毎朝行われるこの寺院の僧侶の集会をサボって、裏庭で、あの人は煙草を吸っていた。
「サボっちゃダメですよ、蓬来様」
集会中、下っ端の仕事である寺院内の掃除をしながら、あの人を見つけた俺は、箒を持ってあの人、蓬来の元に行った。
「おや、江暝にバレてしまいましたか」
ハハハッ。
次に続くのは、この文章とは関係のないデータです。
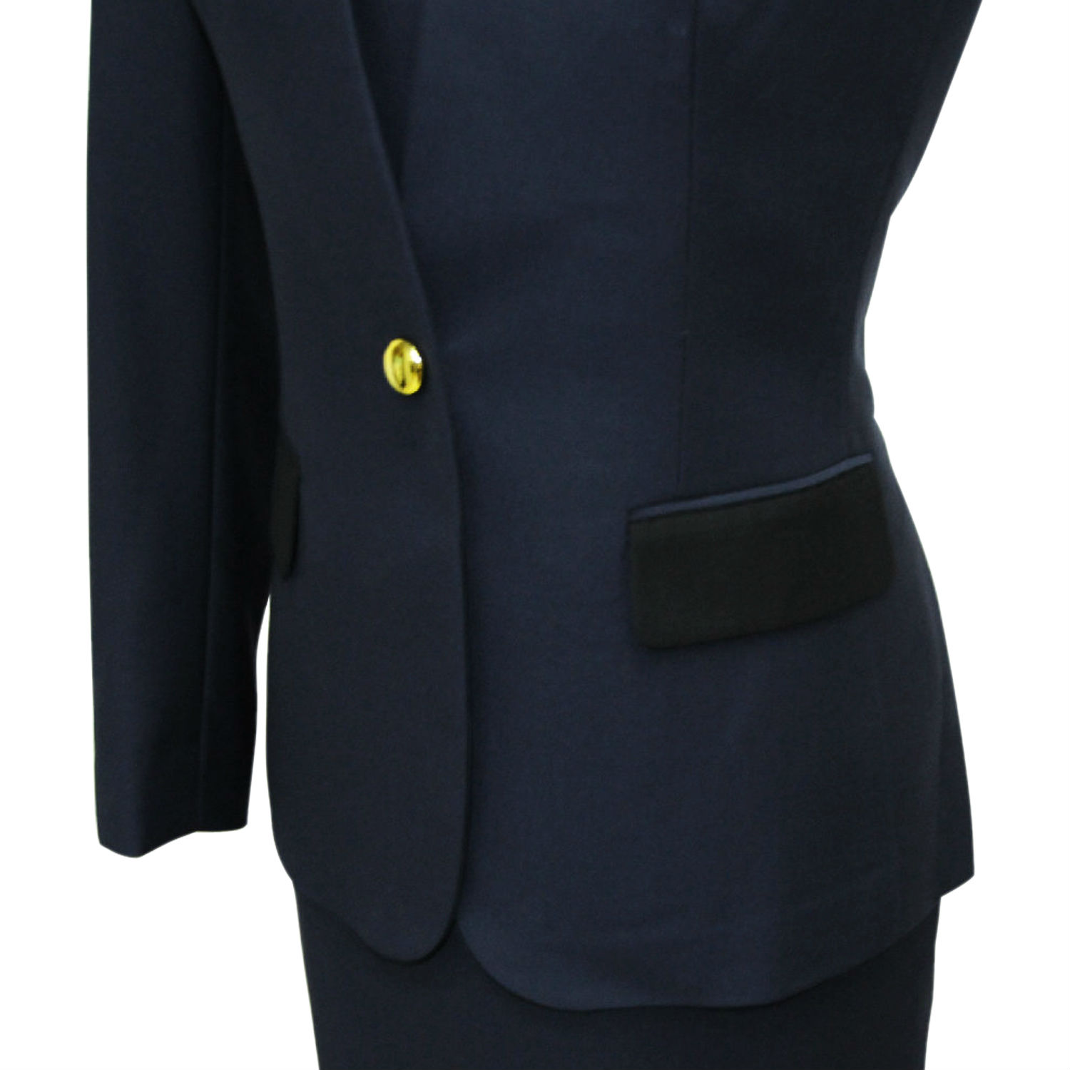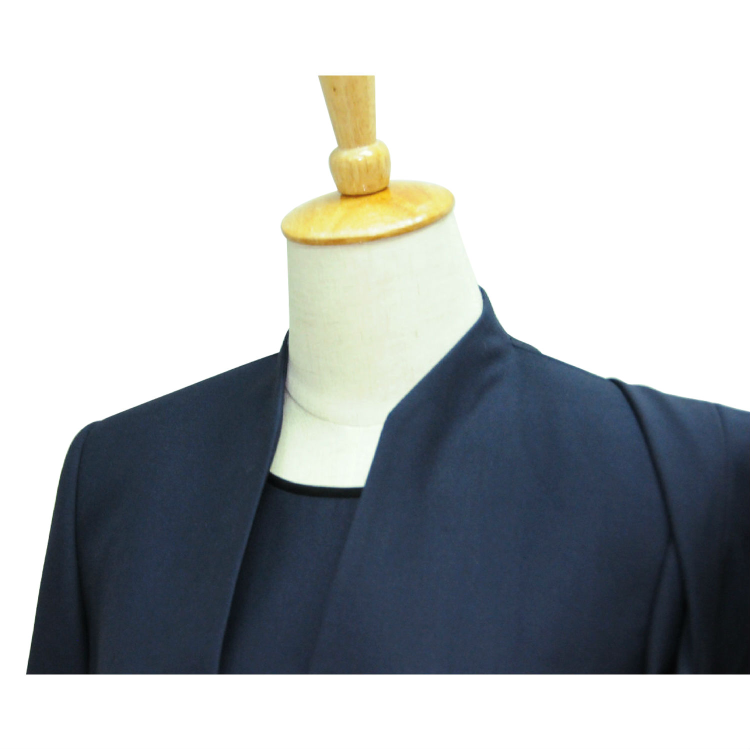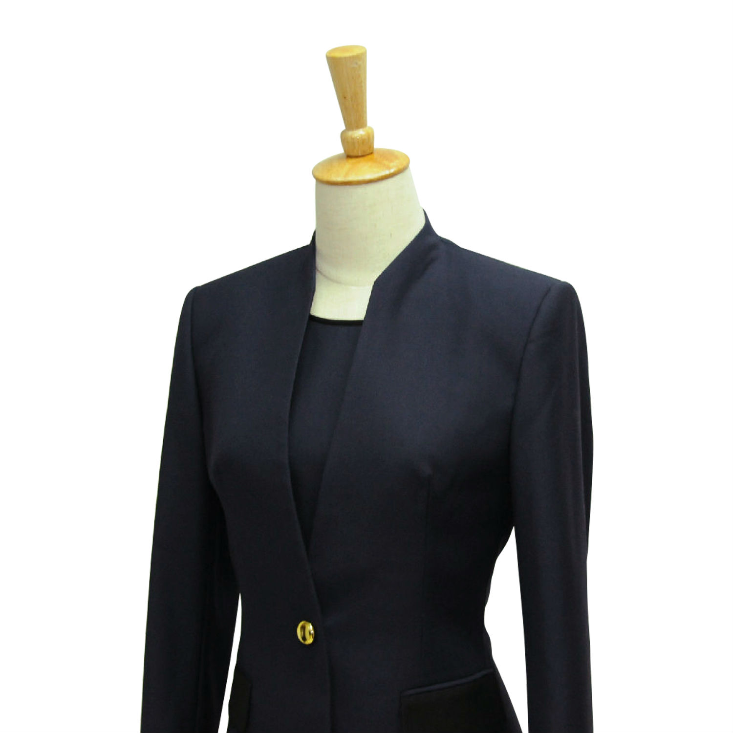 This two-piece dress suit showcases a sheath dress and a matching jacket with round necklines. The sheath dress creates a slim silhouette while the single-breasted jacket ties the look together. This dress suit is beautifully crafted to make you look great and professional.
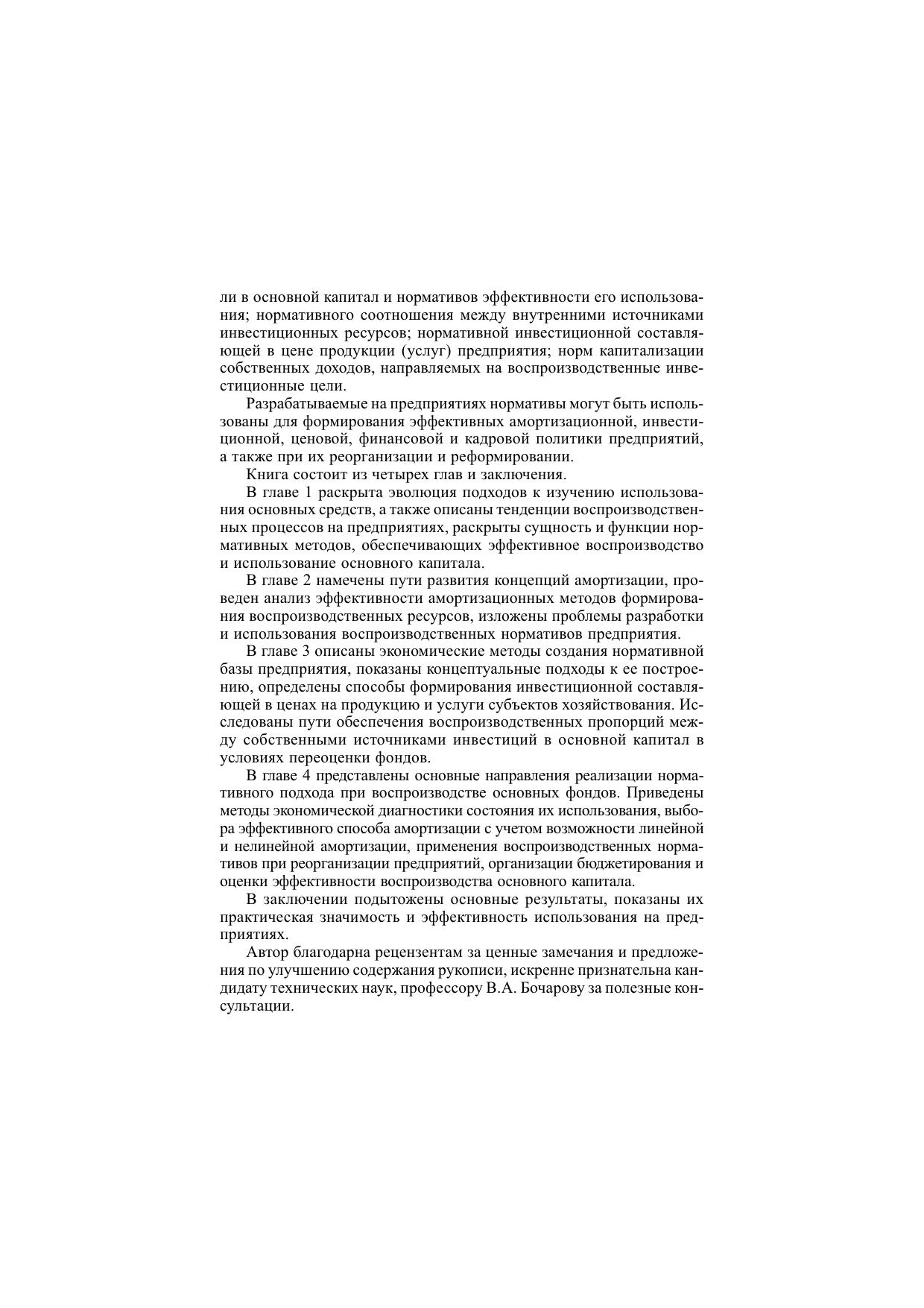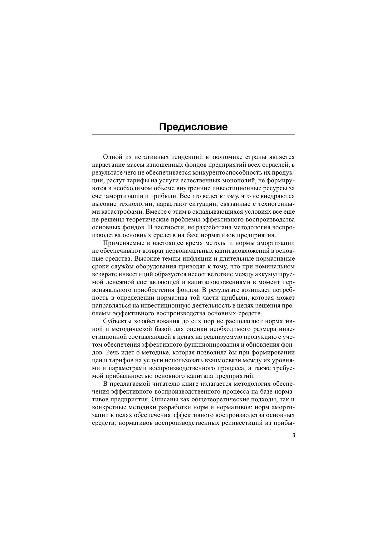 Исследуется проблема создания методологии воспроизводства основных средств на базе нормативов предприятия. Показаны методы разработки: норм амортизации; нормативов минимально необходимых реинвестиций из прибыли в основной капитал для обеспечения его самопроизводства; норм прибыли на основной капитал; нормативного соотношения между внутренними источниками инвестиционных ресурсов; нормативов инвестиционных ресурсов в цене продукции (услуг); нормативов капитализации дохода. Изложены методы использования нормативов для формирования эффективной амортизационной, ценовой и экономической политики предприятия. Для руководителей, экономистов и финансистов; представляет интерес для преподавателей, аспирантов, студентов.
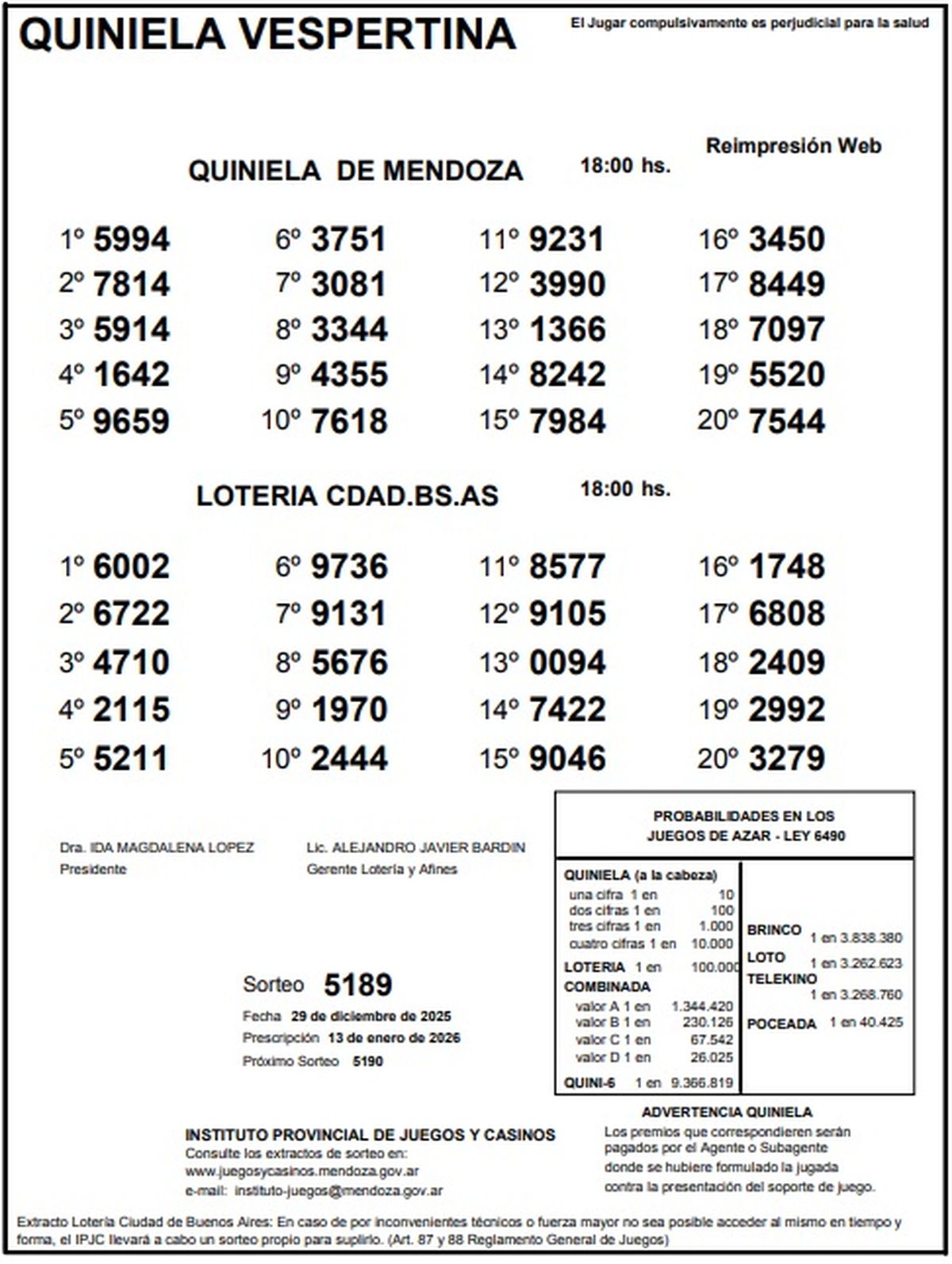 Resultados Quiniela de Mendoza: La Vespertina del 29 de diciembre de 2025
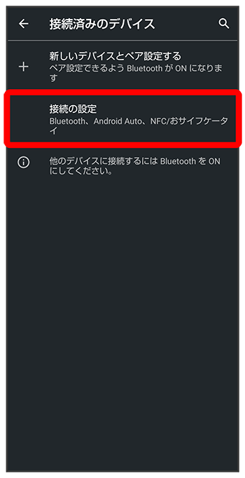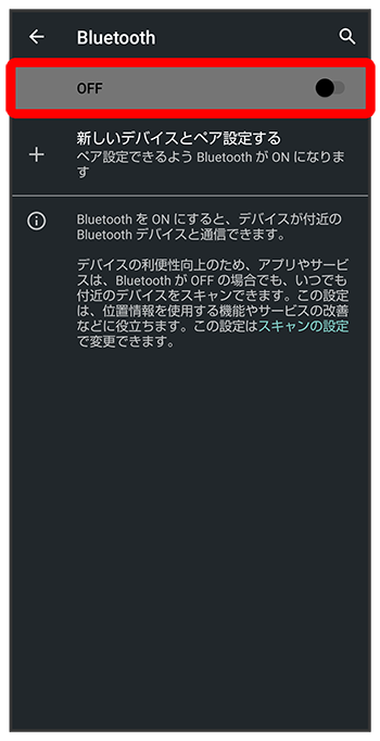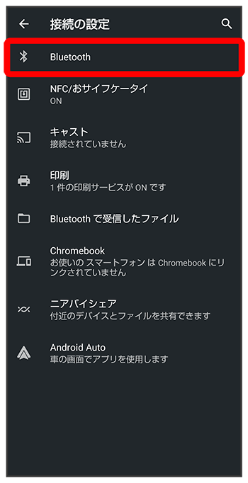 機内モードを設定していませんか。Bluetooth®機能を有効にした状態で機内モードを設定すると、いったん、Bluetooth®機能は無効になります。
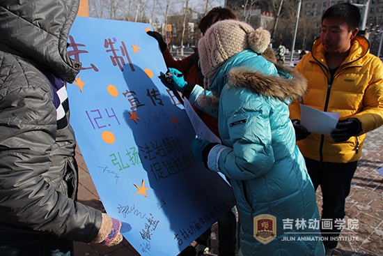 2014年12月4日是我国第一个宪法日。为了普及法律知识,弘扬法治精神,创建法治校园,促进社会和谐,动漫分院分团委学生干部于12月4日上午到高新区三佳社区周边进行普法宣传活动。
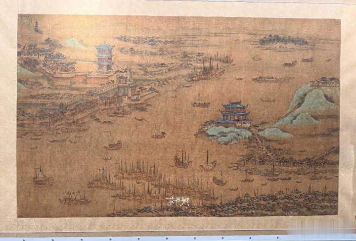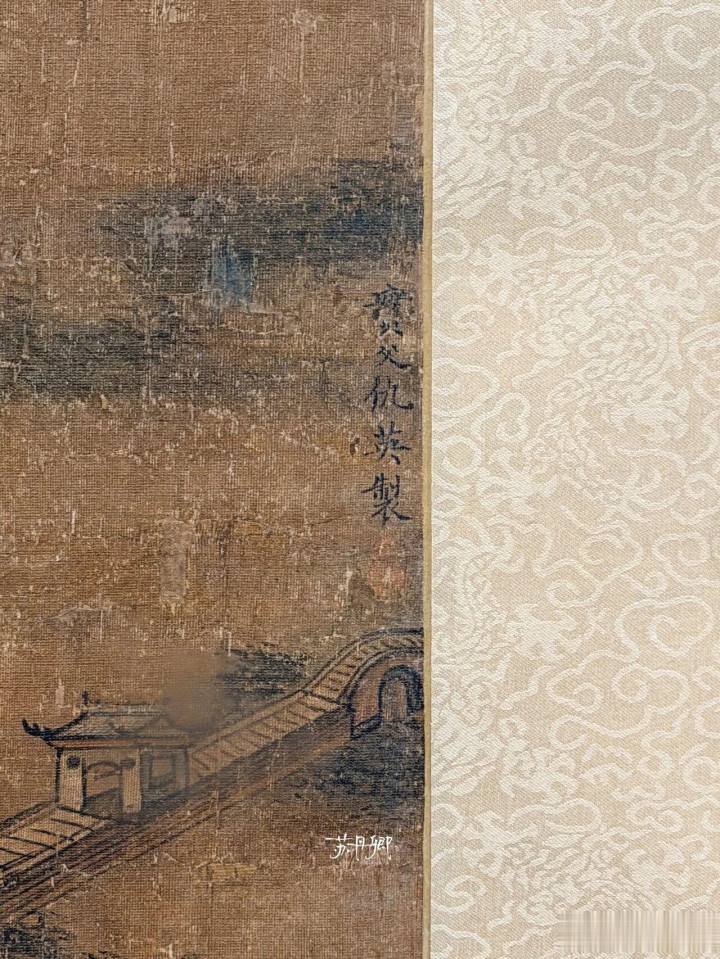 其实,并不是说复制品不好,只是更想目睹真迹,即便看不懂。直到,随着南博涉仇英《江南春画卷》纠纷的各种报道,我才突然想起——我一直想看而看不到的《江汉揽胜图》的画作介绍中,也有“仇英”字样,哪怕是“仇英款”。这是我愈发想见一见《江汉揽胜图》了。

と、蓬来は笑った。
蓬来は、不思議な人だ。
具体的に挙げるとキリがないが、中でも不思議な事は、この蓬来が、そこそこ高位の僧侶である事だ。そして、その高位な僧侶が、俺の様な口の悪い下っ端と平気で喋る上、自身の弟子にしてしまう事だ。
俺は、そんな蓬来を、師として尊敬していた。
蓬来は、空を見て言った。
「仕方ありませんよ。今日は、一服日和ですから。こういう空気の澄んだ日程、煙草が美味しい日はありません」
「毎日一服日和じゃねぇですか、あんたは」
「ハハハッ」
「ちょっと……」
蓬来は、笑って立ち上がると、俺に背を向けた。そして、そのまま言った。
「何かに、縛られすぎてはいけませんよ。貴方らしさを失っては、立派なお坊さんにはなれませんからね」
と、蓬来は去っていった。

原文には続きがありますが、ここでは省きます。